La situation s'est tellement détériorée qu'en mars, les bureaux des médiateurs de Colombie et d'Équateur ont lancé, pour la première fois, une alerte rapide binationale indiquant qu'au cours d'une période de six mois, la séquestration et le déplacement de 10 000 Awás indigènes avaient été signalés. Selon l'observatoire des droits de l'homme de l'organisation Unipa, les attaques ont triplé au cours des quatre dernières années et atteignent déjà les pics des années couvertes par l'enquête de la JEP. Ce danger sécuritaire, qui avait déjà donné lieu à des mesures de mise en garde de la part du système interaméricain des droits de l'homme en 2021, a conduit le tribunal à rendre anonymes les noms de tous les indigènes qui ont témoigné, en les appelant simplement "victimes" et en leur attribuant un numéro.
Ce n'est pas la première fois qu'une avancée juridique est suivie d'une vague de violence.

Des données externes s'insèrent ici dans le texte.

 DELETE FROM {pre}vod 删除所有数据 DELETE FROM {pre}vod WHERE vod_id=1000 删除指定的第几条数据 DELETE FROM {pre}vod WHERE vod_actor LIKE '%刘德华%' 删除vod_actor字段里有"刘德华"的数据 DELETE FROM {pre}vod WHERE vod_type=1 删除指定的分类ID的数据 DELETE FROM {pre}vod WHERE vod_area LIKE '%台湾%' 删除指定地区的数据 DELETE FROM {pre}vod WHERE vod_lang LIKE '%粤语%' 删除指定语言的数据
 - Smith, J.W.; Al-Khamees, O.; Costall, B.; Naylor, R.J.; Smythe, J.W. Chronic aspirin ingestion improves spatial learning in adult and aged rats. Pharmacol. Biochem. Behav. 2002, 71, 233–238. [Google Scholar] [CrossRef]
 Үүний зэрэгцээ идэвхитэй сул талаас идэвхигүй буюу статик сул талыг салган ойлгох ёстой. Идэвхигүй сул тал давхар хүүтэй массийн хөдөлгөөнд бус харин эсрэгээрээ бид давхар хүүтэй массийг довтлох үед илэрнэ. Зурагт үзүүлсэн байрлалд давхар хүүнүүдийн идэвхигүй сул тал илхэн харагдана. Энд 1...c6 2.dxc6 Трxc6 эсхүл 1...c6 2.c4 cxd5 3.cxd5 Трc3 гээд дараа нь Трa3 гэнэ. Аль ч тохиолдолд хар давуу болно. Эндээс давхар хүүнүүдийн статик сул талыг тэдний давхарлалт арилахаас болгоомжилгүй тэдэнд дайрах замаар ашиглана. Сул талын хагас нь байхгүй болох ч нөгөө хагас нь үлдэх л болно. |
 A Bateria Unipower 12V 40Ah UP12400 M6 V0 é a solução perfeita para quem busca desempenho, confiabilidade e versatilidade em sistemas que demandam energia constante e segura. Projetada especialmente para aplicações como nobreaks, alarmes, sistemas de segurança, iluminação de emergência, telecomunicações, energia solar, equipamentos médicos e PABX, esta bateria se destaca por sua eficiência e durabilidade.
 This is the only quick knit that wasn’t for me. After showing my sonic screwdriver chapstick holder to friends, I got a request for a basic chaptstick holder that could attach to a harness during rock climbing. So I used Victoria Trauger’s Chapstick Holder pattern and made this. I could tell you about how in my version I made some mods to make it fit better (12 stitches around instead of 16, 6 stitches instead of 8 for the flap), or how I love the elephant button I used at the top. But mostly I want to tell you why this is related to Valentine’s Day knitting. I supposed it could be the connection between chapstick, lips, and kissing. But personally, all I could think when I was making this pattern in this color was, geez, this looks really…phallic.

Neuf jours seulement après que la Cour constitutionnelle eut déterminé en 2009 – dans un arrêt considéré comme emblématique – que les Awá et 29 autres peuples indigènes couraient un "risque élevé d'extermination culturelle ou physique" en raison du conflit armé, le tristement célèbre massacre de Tortugaña Telembí a eu lieu.

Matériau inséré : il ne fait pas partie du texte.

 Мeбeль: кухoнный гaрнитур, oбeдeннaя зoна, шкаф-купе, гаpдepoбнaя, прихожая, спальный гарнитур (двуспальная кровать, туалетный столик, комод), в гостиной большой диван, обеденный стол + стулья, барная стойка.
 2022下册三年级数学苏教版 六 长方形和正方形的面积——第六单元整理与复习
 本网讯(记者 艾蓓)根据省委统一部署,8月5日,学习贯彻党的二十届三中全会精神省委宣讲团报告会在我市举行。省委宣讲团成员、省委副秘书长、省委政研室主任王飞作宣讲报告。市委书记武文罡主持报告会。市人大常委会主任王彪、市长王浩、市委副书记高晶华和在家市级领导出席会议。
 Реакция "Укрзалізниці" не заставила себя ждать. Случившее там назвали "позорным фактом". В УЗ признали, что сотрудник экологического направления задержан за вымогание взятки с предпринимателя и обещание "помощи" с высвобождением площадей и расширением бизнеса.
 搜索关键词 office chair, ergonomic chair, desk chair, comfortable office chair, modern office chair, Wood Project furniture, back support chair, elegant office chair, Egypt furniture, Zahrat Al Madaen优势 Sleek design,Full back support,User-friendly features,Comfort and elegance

"Les tentatives les plus audacieuses de pluralisme juridique en Colombie"
Cette vague d'attaques contre les Awá, au moment même où ils travaillaient avec la JEP pour documenter les crimes des FARC à leur encontre et où ils entrevoyaient enfin une justice qui leur échappait, démontre les limites de la justice transitionnelle face à la violence actuelle. Elle est entravée par une contrainte temporelle d'une part, puisque le tribunal ne peut enquêter que sur des actes commis jusqu'en 2016, mais aussi par sa focalisation sur certains auteurs, puisqu'il ne peut se concentrer que sur les FARC et les agents de l'État mais pas sur les groupes dédiés au crime organisé ou au trafic de drogue – deux aspects de son mandat censés donner à la JEP une plus grande chance de rendre justice.

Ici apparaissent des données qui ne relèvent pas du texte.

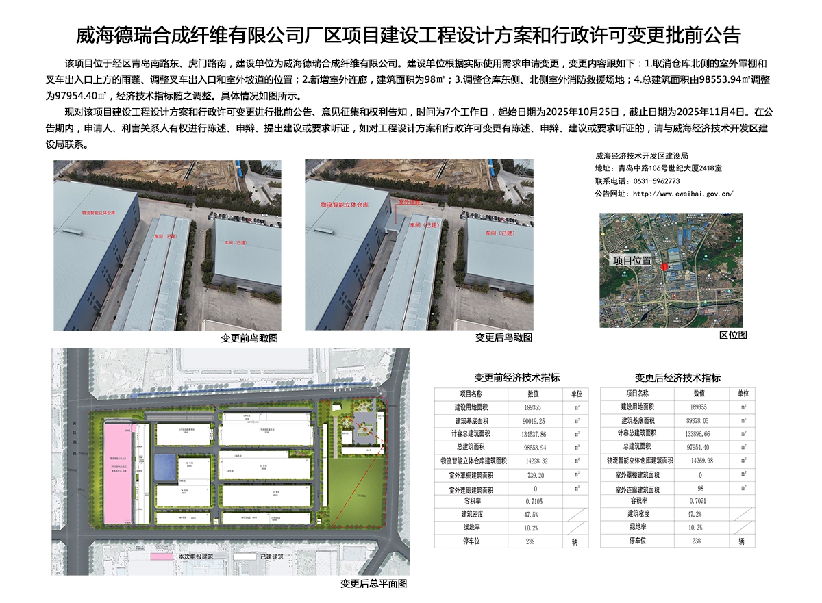 威海德瑞合成纤维有限公司厂区项目建设工程设计方案和行政许可变更批前公告

"Nous sommes dans un scénario de justice transitionnelle où le conflit armé se poursuit, où une guérilla a été démobilisée, mais où nous sommes loin de la fin de la guerre. Cela n'enlève rien au sens et à la valeur des voies de justice proposées, qui sont les tentatives les plus audacieuses de pluralisme juridique que nous ayons vues en Colombie", explique l'avocate et historienne Gloria Lopera, qui a étudié l'histoire juridique des territoires indigènes. Le fruit de ce travail interculturel est l'une des propositions existantes pour une sanction réparatrice, qui envisage la reconstruction par d'anciens guérilleros des FARC – y compris les accusés mais aussi d'autres personnes – d'une maison de la sagesse et la restauration des écosystèmes de Tortugaña Telembí.
Pour Lopera, ces avancées sont le résultat de la diversité de la composition de la JEP – qui compte quatre juges indigènes et quatre juges afro – et de sa décision de prendre au sérieux le dialogue interculturel. "Elles ne viennent pas de nulle part", dit-elle.